WHAT IS NEEDED:
For the records below, copy exactly the span that begins at the line containing "活动说明:周末登录活跃即可领取标准制式装备券!" and stops after the line containing "鶏レアチャーシューが3枚、うずら味玉5個が麺を覆い隠しています。", minus any pictures.

━━━━

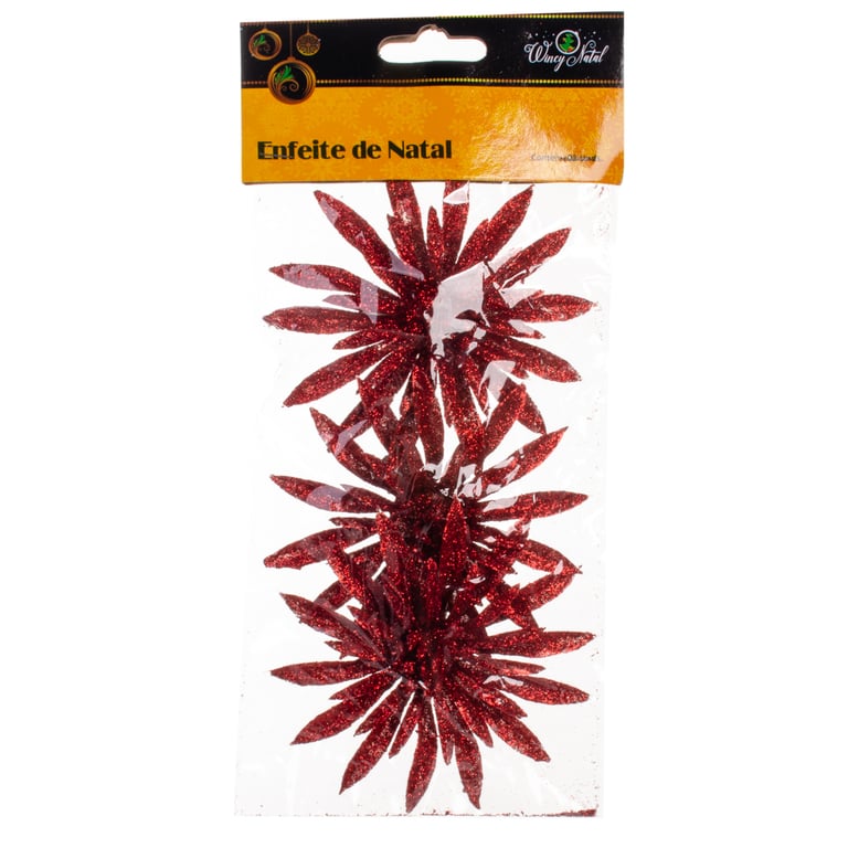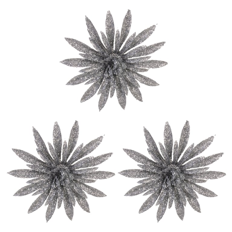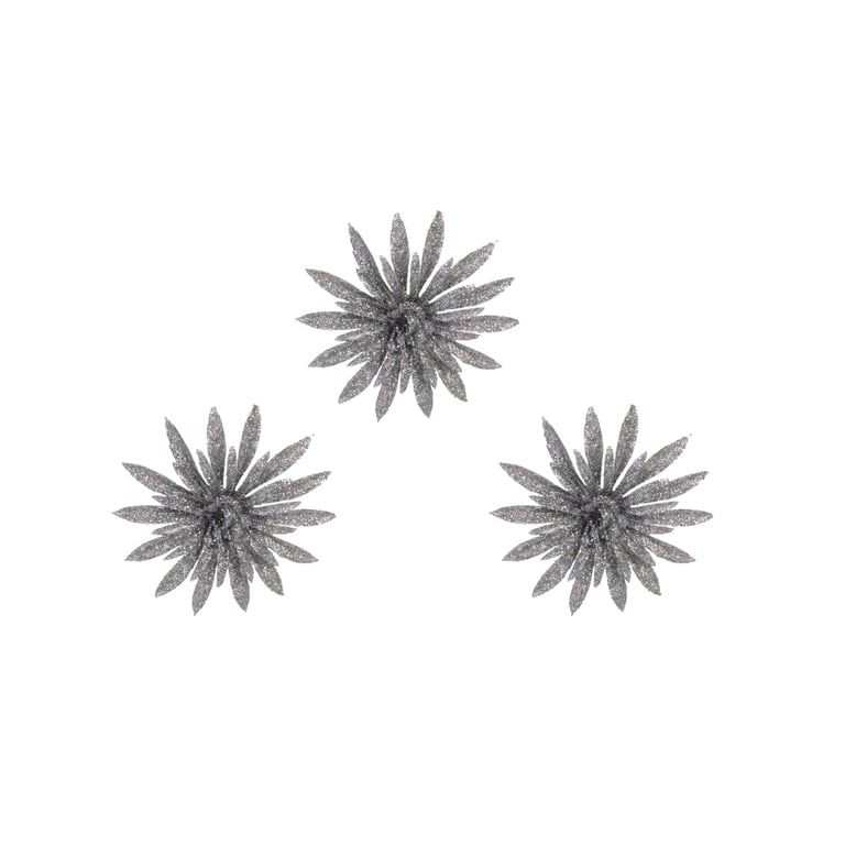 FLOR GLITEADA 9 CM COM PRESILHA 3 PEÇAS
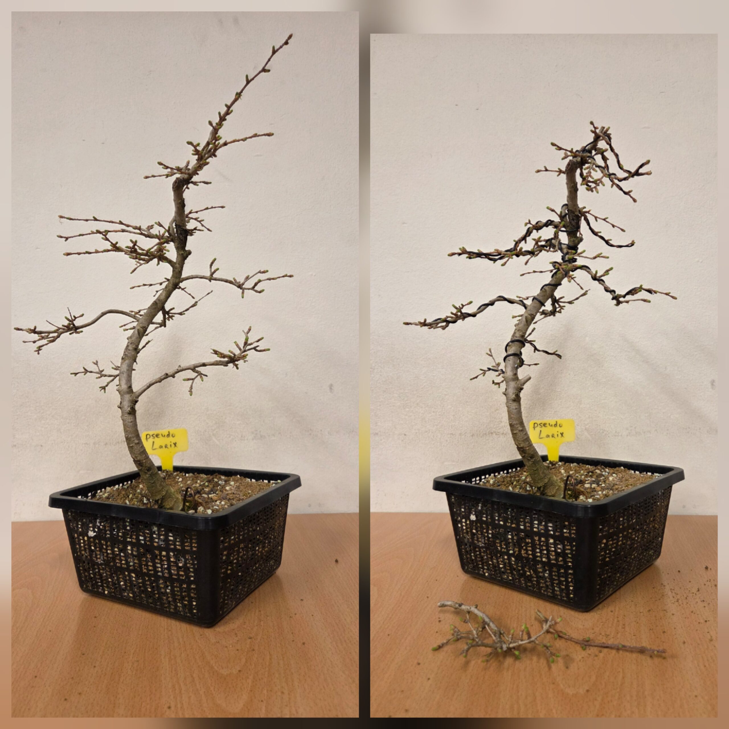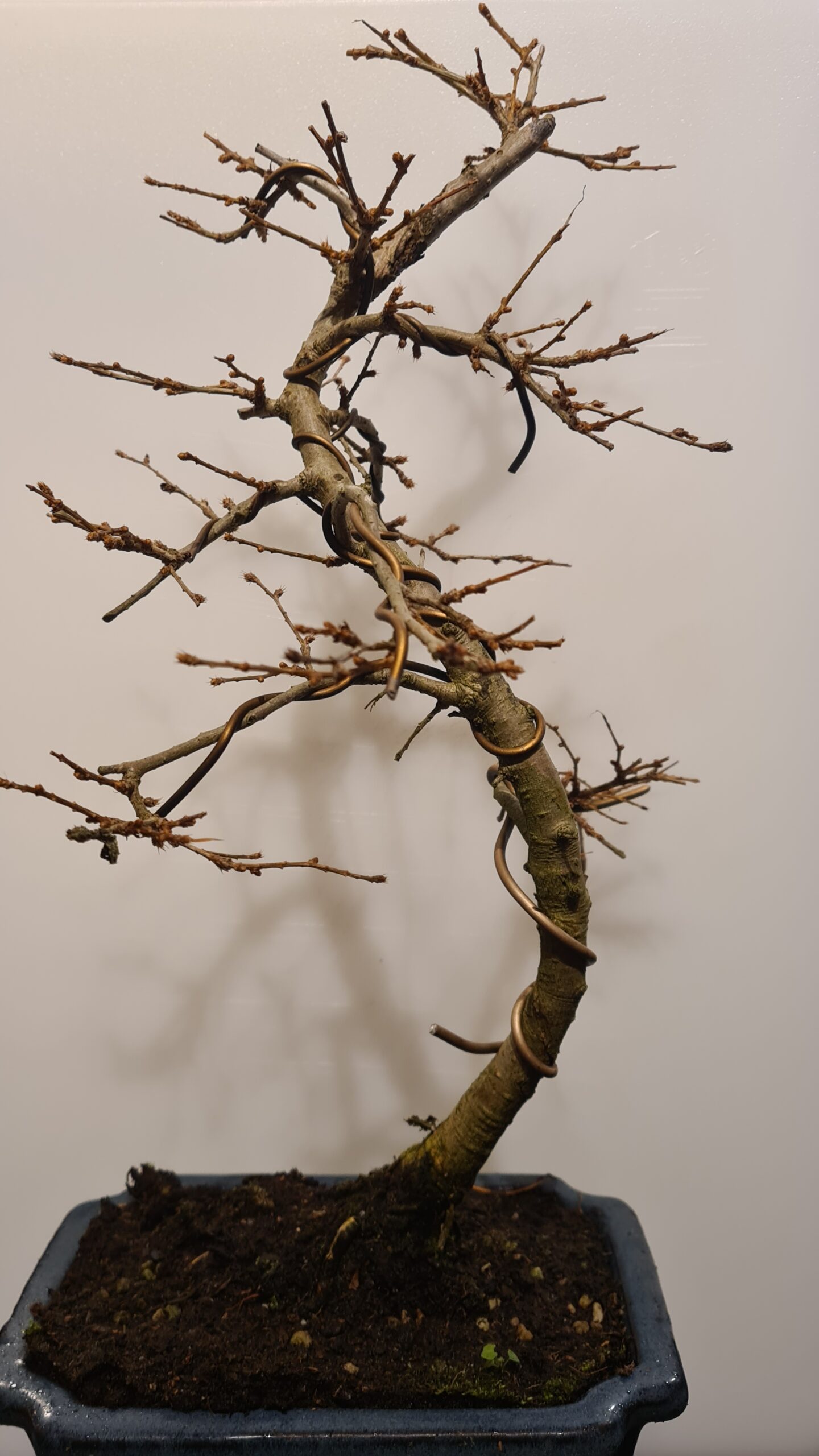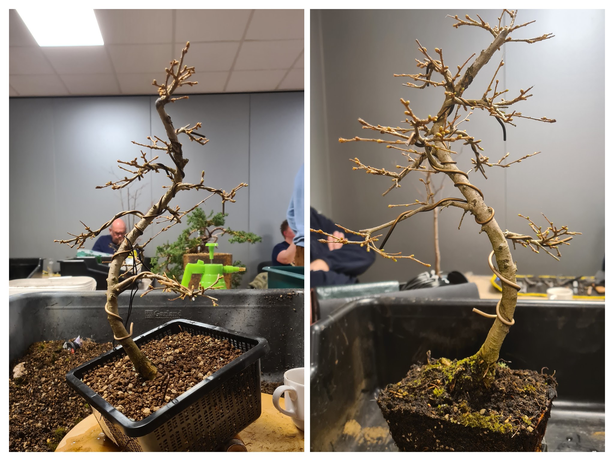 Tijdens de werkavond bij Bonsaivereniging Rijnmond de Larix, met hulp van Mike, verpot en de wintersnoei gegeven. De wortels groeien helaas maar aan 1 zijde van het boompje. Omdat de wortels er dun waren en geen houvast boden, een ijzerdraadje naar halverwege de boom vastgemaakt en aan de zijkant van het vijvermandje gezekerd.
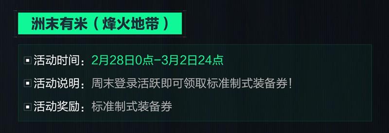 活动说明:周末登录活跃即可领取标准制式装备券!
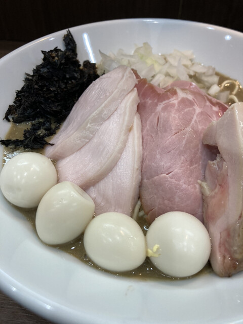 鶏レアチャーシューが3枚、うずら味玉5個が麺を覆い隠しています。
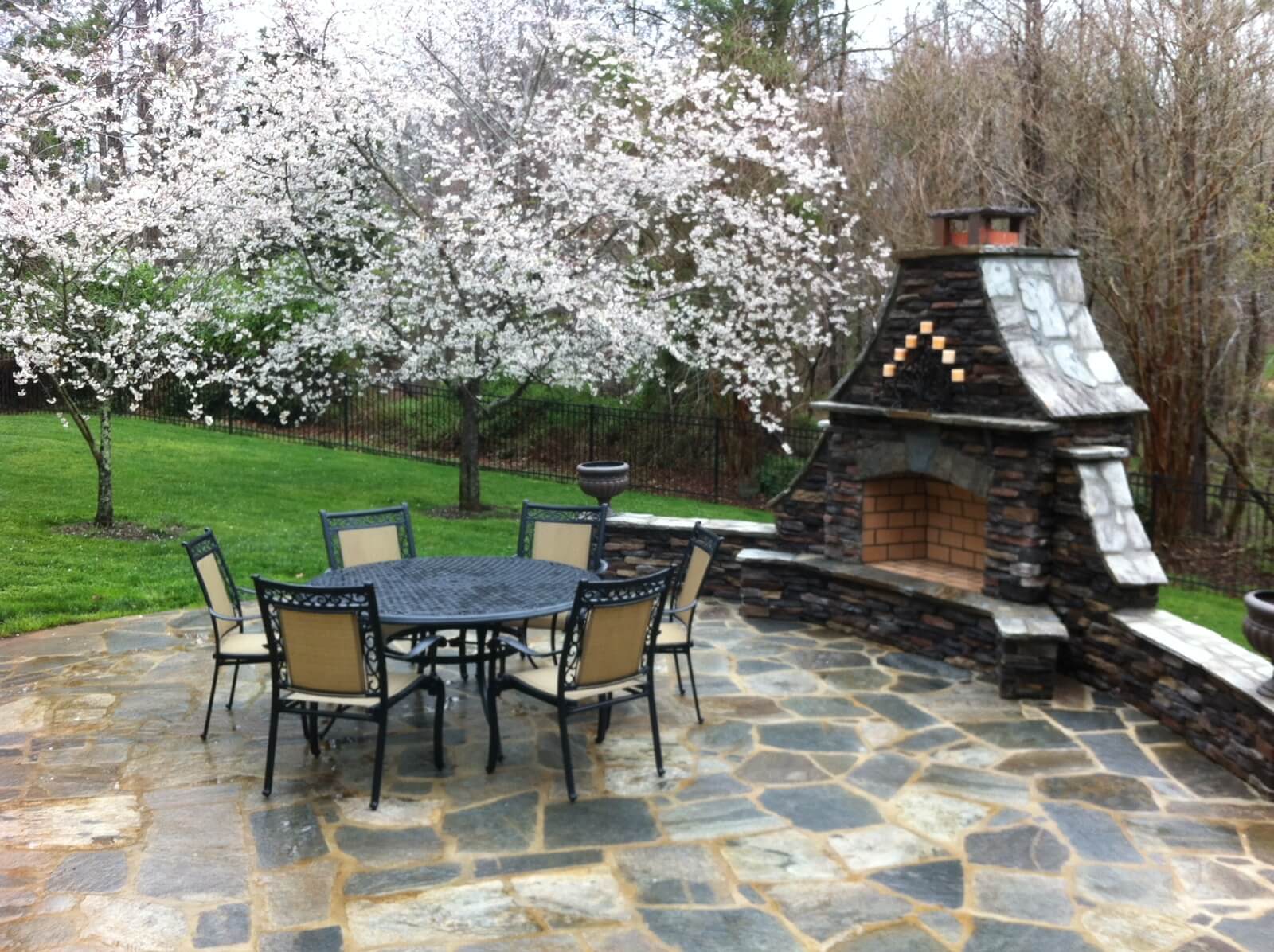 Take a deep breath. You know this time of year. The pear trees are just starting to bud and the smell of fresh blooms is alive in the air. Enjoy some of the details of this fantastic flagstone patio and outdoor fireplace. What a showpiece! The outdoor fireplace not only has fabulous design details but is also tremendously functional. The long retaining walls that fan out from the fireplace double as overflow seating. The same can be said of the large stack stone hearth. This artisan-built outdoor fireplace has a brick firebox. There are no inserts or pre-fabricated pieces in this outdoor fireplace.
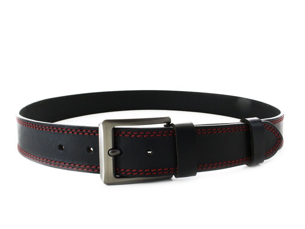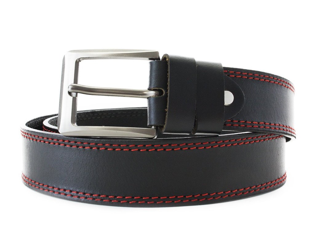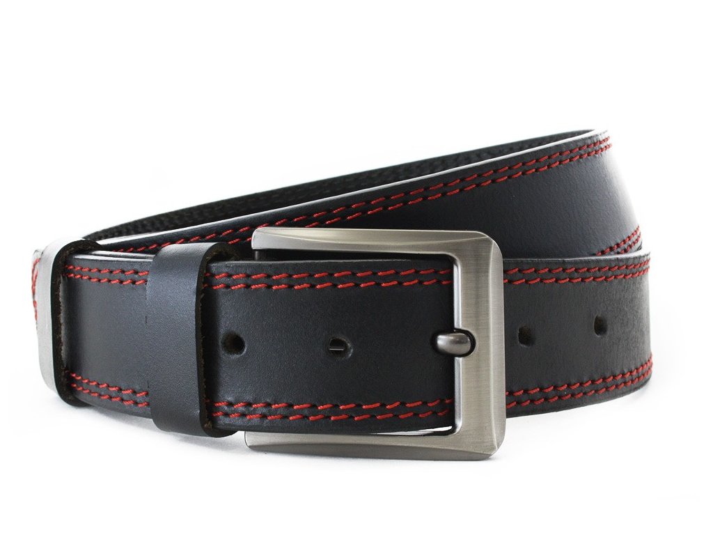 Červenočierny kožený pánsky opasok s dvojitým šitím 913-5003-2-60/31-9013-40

━━━━

EXPECTED ANSWER:
 活动说明:周末登录活跃即可领取标准制式装备券!
 鶏レアチャーシューが3枚、うずら味玉5個が麺を覆い隠しています。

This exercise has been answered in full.